:: TASK REQUIREMENTS ::
Look for the line with "A town meeting" in the entries below, then extract that line and all lines after it exactly, with pictures left out.

:: SOURCE INFORMATION ::
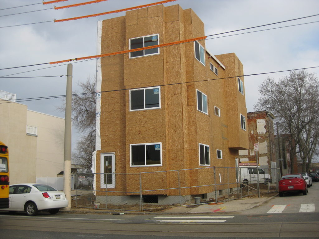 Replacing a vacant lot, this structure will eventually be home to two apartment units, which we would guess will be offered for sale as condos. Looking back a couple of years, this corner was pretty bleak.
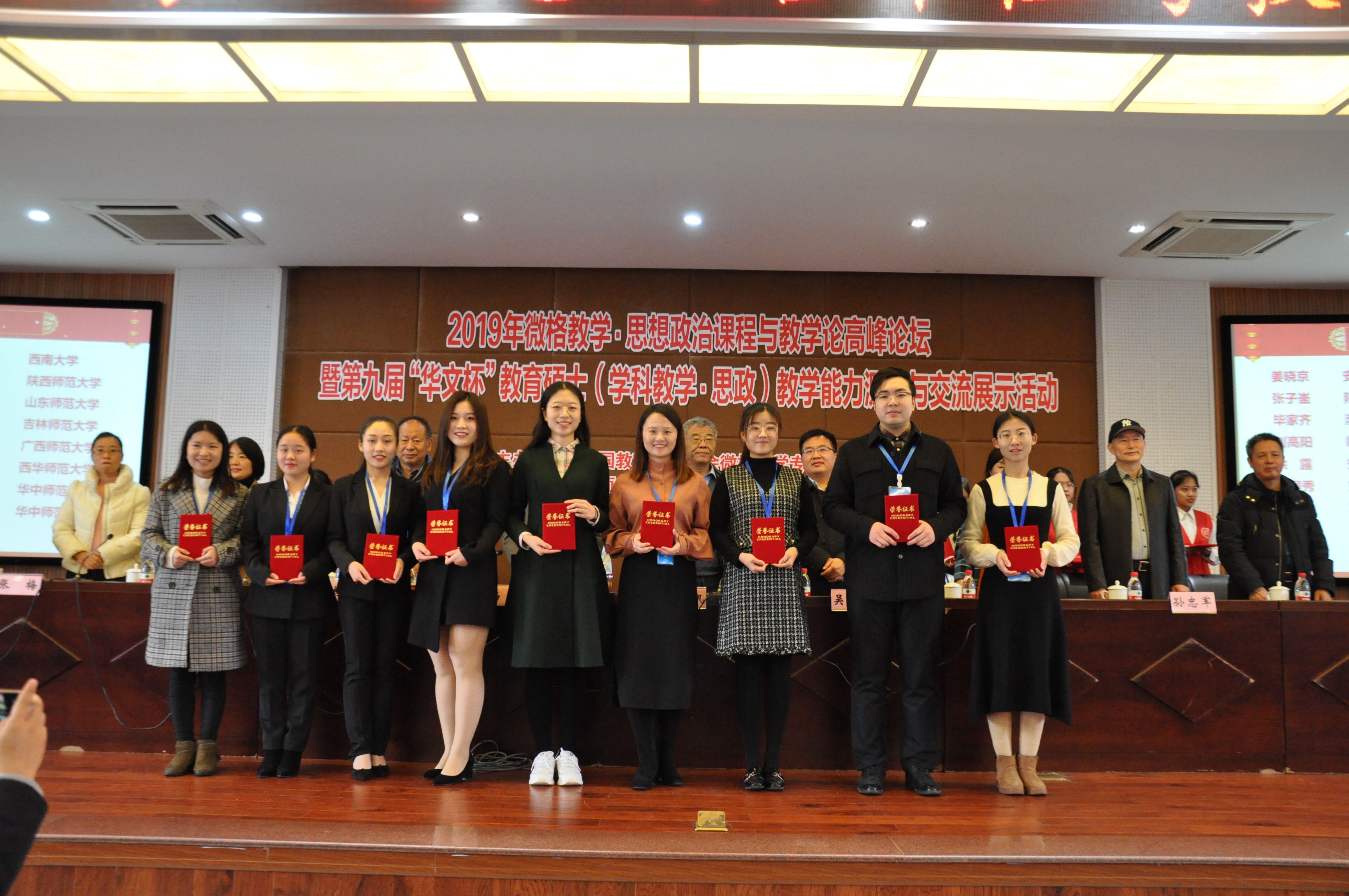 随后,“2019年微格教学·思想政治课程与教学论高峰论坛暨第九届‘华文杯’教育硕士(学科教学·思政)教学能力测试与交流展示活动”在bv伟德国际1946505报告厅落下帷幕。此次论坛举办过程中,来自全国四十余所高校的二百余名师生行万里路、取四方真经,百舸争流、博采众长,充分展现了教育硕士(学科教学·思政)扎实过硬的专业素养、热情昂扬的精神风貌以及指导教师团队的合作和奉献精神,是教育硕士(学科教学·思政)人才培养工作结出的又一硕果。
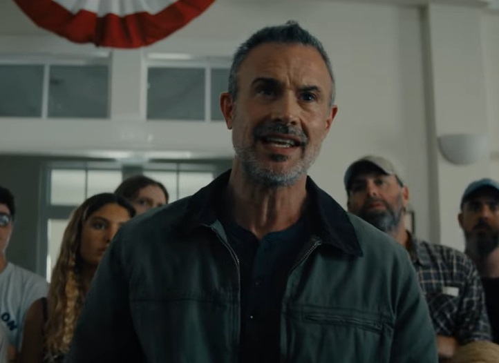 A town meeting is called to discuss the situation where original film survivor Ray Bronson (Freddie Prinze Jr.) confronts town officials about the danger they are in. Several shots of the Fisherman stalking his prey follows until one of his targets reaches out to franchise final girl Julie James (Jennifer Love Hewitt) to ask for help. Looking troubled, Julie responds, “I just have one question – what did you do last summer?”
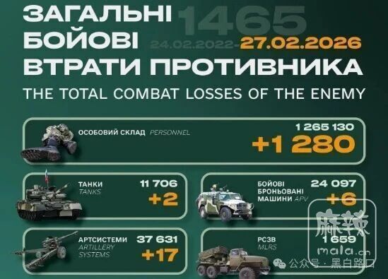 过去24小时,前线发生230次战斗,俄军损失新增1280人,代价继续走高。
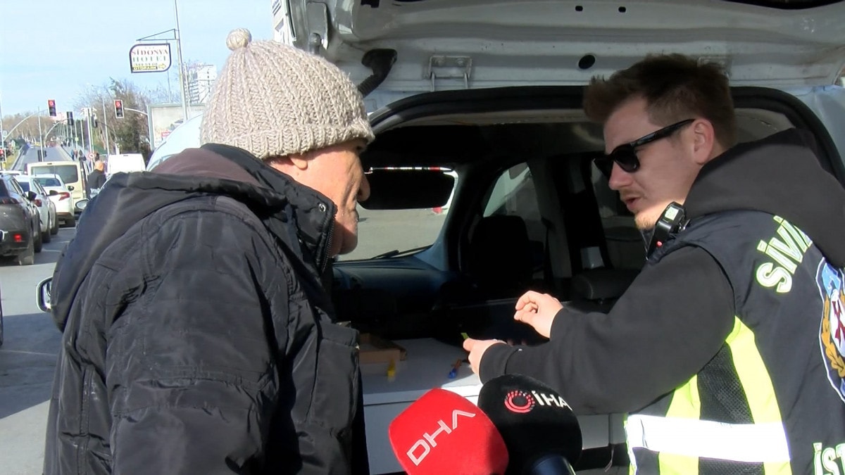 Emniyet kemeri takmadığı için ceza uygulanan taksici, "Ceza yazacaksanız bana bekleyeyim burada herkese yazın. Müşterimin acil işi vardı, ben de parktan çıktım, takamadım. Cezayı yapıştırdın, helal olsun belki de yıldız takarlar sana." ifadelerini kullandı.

:: TASK SOLUTION ::
 A town meeting is called to discuss the situation where original film survivor Ray Bronson (Freddie Prinze Jr.) confronts town officials about the danger they are in. Several shots of the Fisherman stalking his prey follows until one of his targets reaches out to franchise final girl Julie James (Jennifer Love Hewitt) to ask for help. Looking troubled, Julie responds, “I just have one question – what did you do last summer?”
 过去24小时,前线发生230次战斗,俄军损失新增1280人,代价继续走高。
 Emniyet kemeri takmadığı için ceza uygulanan taksici, "Ceza yazacaksanız bana bekleyeyim burada herkese yazın. Müşterimin acil işi vardı, ben de parktan çıktım, takamadım. Cezayı yapıştırdın, helal olsun belki de yıldız takarlar sana." ifadelerini kullandı.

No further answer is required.